▶ MATERIAL SUPPLIED:
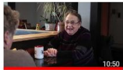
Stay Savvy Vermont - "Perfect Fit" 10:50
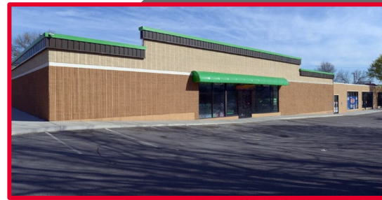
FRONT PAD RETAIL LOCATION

* * *

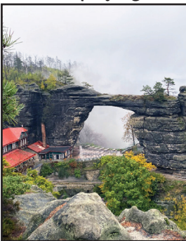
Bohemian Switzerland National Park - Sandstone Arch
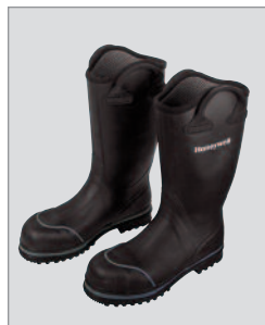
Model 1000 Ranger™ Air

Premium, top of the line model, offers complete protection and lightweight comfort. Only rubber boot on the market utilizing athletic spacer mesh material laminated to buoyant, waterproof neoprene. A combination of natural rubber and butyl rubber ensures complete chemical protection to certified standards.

▶ TASK OBJECTIVE: An exact copy is needed of the stretch above that opens with the line containing "Stay Savvy Vermont" and closes with the line containing "FRONT PAD RETAIL LOCATION"; the pictures are not part of it.

▶ EXERCISE OUTPUT:
Stay Savvy Vermont - "Perfect Fit" 10:50
FRONT PAD RETAIL LOCATION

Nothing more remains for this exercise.